**Task directions:** Please filter the listing for the string "after" and copy each matching line.

***** Exercise material *****

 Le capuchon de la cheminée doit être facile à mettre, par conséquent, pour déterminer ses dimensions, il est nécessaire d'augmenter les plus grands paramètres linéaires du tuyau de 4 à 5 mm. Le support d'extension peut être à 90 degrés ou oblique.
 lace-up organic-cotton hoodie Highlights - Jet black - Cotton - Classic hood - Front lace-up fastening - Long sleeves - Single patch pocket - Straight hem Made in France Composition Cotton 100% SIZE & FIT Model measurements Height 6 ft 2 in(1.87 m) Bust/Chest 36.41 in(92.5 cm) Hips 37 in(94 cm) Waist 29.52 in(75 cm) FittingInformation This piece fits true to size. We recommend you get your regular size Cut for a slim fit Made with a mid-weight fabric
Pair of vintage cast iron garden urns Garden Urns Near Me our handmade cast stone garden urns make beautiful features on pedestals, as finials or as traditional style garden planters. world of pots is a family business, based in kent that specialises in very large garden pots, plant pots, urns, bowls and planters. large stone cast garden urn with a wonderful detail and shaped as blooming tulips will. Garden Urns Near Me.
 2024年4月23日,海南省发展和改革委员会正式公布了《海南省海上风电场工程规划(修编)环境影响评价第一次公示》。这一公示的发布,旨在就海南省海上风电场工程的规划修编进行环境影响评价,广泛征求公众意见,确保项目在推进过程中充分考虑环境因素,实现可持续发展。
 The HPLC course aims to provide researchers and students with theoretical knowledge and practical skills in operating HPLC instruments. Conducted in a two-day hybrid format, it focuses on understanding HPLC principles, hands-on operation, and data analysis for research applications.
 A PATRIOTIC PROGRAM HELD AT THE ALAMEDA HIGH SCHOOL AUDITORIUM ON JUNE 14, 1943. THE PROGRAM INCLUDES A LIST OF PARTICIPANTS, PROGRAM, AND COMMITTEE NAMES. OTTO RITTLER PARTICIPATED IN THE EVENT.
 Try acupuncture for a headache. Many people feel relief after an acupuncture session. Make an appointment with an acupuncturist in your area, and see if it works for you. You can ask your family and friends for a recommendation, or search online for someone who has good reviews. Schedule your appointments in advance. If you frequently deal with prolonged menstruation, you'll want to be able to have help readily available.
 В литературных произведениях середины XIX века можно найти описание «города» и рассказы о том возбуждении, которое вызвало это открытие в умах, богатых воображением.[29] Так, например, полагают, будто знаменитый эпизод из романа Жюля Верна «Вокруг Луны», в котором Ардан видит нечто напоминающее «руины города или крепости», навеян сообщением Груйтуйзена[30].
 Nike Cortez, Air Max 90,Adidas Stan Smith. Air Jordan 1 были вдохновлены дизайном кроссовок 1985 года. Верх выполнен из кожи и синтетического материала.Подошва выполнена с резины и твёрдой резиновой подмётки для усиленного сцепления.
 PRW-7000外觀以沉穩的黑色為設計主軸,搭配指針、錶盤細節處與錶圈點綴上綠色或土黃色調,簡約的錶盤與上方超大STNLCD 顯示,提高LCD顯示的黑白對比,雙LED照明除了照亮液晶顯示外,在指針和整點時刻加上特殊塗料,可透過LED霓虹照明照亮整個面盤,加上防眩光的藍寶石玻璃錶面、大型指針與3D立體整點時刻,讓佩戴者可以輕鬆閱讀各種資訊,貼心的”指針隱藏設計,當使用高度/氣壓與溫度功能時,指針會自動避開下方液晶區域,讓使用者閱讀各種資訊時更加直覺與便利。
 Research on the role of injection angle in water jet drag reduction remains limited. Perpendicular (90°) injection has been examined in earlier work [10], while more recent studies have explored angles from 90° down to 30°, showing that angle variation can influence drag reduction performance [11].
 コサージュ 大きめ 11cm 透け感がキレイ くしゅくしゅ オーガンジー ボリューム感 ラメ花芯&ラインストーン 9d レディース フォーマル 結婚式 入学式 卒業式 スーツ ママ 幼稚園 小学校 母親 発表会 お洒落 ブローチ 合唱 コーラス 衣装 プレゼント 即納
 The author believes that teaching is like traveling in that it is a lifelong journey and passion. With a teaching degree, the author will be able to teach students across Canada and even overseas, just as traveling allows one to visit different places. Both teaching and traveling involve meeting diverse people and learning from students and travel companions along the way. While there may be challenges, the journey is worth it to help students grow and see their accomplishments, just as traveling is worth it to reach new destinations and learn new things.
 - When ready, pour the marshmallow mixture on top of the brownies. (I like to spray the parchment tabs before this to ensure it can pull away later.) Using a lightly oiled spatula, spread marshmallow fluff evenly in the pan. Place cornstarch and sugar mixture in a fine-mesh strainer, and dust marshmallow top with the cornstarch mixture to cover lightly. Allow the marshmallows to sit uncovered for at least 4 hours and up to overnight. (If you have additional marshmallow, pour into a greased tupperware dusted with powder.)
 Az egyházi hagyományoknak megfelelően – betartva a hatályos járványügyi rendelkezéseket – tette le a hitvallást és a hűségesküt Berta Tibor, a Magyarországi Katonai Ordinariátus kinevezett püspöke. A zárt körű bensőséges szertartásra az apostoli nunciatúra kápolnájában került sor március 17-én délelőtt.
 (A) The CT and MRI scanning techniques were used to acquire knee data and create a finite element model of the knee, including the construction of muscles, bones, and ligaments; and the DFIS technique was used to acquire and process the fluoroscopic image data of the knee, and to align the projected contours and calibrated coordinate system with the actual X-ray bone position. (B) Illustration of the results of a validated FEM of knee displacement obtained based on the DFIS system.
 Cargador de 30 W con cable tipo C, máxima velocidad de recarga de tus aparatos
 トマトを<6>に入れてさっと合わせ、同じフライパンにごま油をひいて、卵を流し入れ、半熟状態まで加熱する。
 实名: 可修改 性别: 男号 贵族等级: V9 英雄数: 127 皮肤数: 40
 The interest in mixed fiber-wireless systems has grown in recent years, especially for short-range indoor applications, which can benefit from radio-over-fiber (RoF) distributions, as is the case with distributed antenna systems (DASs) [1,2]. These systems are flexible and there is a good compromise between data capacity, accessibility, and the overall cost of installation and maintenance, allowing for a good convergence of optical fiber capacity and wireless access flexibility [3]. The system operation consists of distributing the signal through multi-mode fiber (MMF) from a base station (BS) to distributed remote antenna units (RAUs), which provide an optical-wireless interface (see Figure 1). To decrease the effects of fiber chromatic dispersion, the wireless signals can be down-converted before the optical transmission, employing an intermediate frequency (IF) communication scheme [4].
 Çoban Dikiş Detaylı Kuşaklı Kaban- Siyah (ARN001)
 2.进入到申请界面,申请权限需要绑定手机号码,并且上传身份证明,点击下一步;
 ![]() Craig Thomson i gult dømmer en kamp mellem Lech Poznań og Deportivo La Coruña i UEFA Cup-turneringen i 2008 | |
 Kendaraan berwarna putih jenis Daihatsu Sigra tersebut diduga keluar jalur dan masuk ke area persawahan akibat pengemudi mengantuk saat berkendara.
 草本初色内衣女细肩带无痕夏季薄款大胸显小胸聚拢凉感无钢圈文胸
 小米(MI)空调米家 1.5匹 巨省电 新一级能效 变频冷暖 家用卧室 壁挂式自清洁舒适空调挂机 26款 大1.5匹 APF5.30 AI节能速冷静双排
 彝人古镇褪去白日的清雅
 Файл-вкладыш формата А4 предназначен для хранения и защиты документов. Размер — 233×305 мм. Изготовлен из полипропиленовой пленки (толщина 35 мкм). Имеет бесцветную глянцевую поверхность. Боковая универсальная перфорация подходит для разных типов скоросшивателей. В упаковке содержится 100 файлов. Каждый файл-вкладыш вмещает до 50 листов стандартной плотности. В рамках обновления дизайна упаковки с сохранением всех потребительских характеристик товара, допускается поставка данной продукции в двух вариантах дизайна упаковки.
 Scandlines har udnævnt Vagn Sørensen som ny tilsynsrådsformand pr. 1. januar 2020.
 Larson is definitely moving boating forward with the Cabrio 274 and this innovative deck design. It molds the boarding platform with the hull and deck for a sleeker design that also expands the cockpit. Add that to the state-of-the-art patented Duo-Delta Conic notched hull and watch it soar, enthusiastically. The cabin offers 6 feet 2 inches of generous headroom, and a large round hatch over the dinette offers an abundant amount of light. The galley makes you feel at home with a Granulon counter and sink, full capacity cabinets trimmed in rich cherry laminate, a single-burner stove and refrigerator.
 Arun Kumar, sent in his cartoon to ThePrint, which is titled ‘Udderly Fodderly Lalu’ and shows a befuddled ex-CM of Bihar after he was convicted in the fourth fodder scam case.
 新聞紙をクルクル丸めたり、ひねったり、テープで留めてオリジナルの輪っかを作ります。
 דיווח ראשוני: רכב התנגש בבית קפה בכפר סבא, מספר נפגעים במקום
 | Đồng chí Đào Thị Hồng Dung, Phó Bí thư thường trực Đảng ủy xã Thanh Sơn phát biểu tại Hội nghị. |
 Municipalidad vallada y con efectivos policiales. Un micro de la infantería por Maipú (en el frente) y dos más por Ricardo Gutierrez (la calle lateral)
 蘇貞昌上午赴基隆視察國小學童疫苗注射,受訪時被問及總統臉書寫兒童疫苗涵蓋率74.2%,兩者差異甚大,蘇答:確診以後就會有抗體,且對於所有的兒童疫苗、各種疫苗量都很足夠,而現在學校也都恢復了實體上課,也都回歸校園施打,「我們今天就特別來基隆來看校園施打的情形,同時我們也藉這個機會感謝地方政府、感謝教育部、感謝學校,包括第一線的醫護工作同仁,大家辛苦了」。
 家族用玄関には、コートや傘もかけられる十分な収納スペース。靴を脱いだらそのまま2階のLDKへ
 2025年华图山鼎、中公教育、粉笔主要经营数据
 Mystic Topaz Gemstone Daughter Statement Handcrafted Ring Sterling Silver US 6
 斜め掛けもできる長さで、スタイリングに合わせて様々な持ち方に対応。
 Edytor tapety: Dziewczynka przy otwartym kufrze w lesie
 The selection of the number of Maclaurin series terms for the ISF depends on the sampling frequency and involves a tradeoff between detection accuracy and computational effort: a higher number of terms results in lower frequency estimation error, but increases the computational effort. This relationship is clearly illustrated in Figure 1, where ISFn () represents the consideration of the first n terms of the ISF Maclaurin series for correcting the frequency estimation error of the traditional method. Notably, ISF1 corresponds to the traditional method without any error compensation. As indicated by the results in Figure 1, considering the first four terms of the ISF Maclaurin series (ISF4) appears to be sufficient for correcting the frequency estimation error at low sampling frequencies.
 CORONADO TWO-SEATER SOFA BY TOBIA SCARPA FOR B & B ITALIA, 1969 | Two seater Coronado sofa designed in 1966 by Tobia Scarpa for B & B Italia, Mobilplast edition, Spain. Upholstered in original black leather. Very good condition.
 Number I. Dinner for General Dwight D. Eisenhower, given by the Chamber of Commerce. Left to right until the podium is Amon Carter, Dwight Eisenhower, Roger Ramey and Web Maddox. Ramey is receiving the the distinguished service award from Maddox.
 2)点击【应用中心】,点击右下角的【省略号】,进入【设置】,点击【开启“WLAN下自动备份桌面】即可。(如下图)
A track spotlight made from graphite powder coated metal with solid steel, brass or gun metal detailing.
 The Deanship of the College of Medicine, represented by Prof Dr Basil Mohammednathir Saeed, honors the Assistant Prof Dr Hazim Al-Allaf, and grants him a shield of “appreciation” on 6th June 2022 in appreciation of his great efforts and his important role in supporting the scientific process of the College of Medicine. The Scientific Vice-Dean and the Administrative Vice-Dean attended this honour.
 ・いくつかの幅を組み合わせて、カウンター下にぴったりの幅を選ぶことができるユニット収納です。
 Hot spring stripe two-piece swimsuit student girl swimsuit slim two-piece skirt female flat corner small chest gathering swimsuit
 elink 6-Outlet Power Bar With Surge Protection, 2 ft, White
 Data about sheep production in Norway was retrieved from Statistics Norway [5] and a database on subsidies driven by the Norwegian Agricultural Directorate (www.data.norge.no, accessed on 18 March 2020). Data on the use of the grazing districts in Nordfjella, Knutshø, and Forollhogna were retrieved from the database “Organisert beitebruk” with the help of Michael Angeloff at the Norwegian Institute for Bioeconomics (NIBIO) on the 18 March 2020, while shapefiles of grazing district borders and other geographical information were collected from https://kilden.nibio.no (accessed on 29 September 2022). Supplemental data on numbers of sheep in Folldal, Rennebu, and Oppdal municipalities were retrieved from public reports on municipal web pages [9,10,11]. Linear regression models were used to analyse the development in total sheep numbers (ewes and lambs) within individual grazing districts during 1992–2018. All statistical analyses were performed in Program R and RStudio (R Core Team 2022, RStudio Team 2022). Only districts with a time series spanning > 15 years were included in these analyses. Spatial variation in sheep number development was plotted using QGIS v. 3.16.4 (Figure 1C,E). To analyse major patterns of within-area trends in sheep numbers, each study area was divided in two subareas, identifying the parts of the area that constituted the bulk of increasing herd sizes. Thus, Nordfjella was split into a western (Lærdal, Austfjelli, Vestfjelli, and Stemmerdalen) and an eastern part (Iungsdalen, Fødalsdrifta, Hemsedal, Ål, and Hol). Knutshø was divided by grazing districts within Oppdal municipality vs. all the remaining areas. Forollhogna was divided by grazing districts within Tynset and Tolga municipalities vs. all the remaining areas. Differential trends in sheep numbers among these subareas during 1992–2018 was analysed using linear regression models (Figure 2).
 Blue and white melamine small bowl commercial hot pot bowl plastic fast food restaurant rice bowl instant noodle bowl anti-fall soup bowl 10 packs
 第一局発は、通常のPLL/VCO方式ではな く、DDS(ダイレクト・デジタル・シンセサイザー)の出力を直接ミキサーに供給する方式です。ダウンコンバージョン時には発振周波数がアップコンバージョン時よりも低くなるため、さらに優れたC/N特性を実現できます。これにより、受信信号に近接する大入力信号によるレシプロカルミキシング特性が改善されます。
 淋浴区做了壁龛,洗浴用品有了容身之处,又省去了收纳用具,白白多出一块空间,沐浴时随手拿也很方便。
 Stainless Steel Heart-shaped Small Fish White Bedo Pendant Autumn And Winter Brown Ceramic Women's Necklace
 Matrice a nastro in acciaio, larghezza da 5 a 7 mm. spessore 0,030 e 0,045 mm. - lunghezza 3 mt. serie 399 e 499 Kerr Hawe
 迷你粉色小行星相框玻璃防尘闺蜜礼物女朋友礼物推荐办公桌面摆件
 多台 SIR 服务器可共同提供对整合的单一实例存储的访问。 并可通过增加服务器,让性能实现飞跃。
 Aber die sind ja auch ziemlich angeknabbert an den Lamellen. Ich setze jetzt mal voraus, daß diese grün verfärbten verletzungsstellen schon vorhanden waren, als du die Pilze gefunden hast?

*****

**Task answer:**
 Try acupuncture for a headache. Many people feel relief after an acupuncture session. Make an appointment with an acupuncturist in your area, and see if it works for you. You can ask your family and friends for a recommendation, or search online for someone who has good reviews. Schedule your appointments in advance. If you frequently deal with prolonged menstruation, you'll want to be able to have help readily available.
 Arun Kumar, sent in his cartoon to ThePrint, which is titled ‘Udderly Fodderly Lalu’ and shows a befuddled ex-CM of Bihar after he was convicted in the fourth fodder scam case.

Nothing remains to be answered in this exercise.